In 1960, two play-in games were held for the top four eastern teams that were up for two spots in the NCAA tournament. About a year and a half later, ECAC Hockey was founded and included nearly 30 programs. Despite the cumbersome arrangement, the league held its first conference tournament in 1962 and has crowned a champion every year since with the exception of 2020 (as of 2025).

In response to a threat from the Ivy League schools to split from the conference over scheduling disagreements, the six teams that comprised the East Division left the conference to form Hockey East in 1984. ECAC Hockey still contained eleven teams after the break and was able to retain its automatic bid to the tournament, a necessity for the stability of a conference.

The tournament was first hosted at the Boston Arena and was moved to the Boston Garden in 1967. The tournament remained there from 1967 through 1992 and was succeeded by the Herb Brooks Arena in Lake Placid, New York, from 1993 to 2002 and again from 2014 to the present.
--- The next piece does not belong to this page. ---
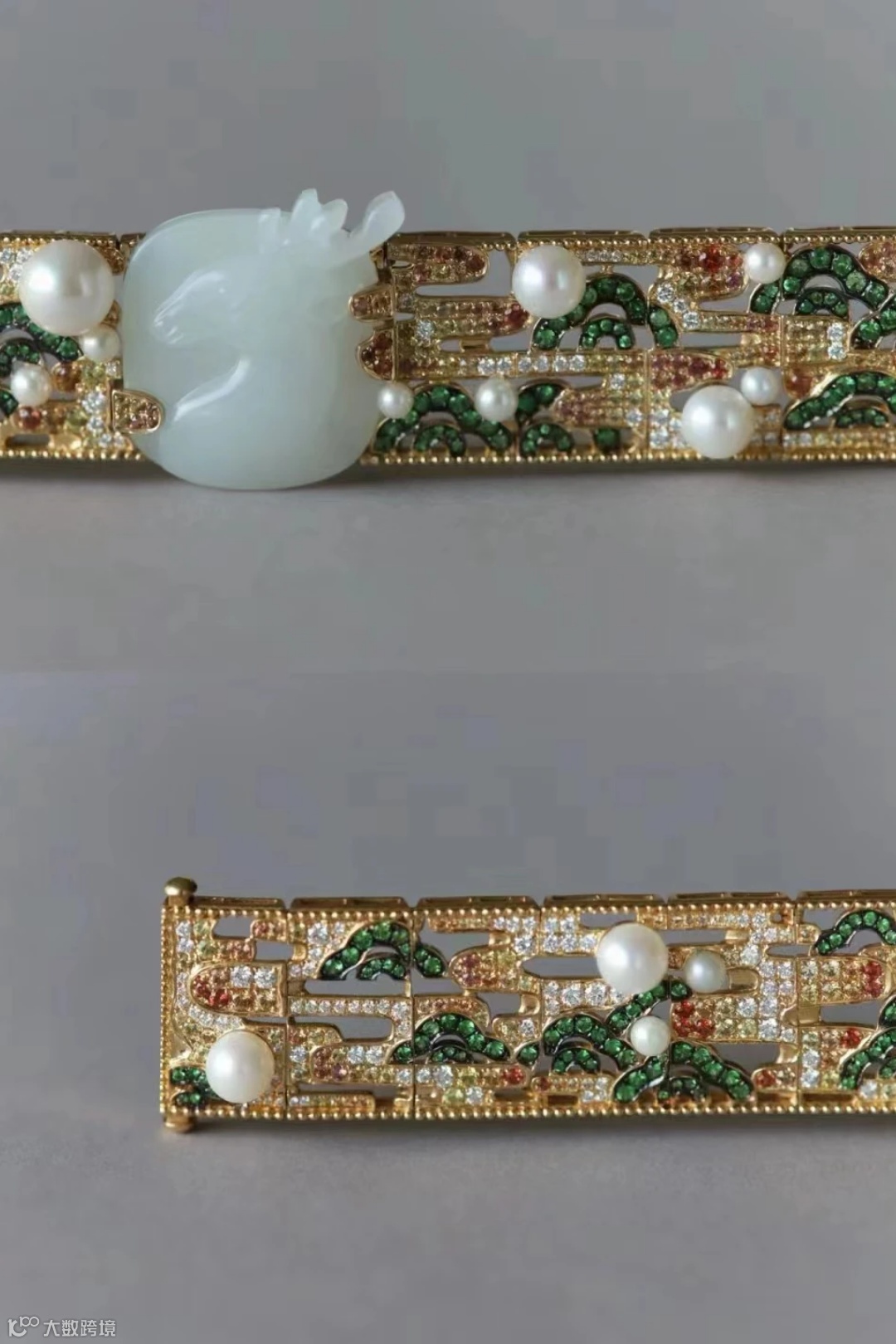 在设计之初,我试着用东方的国玉和西方彩色宝石的组合来讲述敦煌故事,将九色鹿这一主题设计成为一件可佩戴的现代艺术珠宝,主石用和田玉雕刻出浮雕感的鹿头,橙色蓝宝石、黄色蓝宝石、钻石的渐变镶嵌表现壁画中暖色系弯延的金色长河,绵延起伏的山峦用祖母绿镶嵌,akoya珍珠点缀其间为日月星辰。

The Times Union Center and the Boardwalk Hall have also hosted ECAC tournament championships.

Cornell has won the most ECAC Hockey championships with 14 and also has the most championship game appearances with 25. Former Cornell coach Mike Schafer has won the most championships with seven and also has coached in the most championship games with 14 appearances.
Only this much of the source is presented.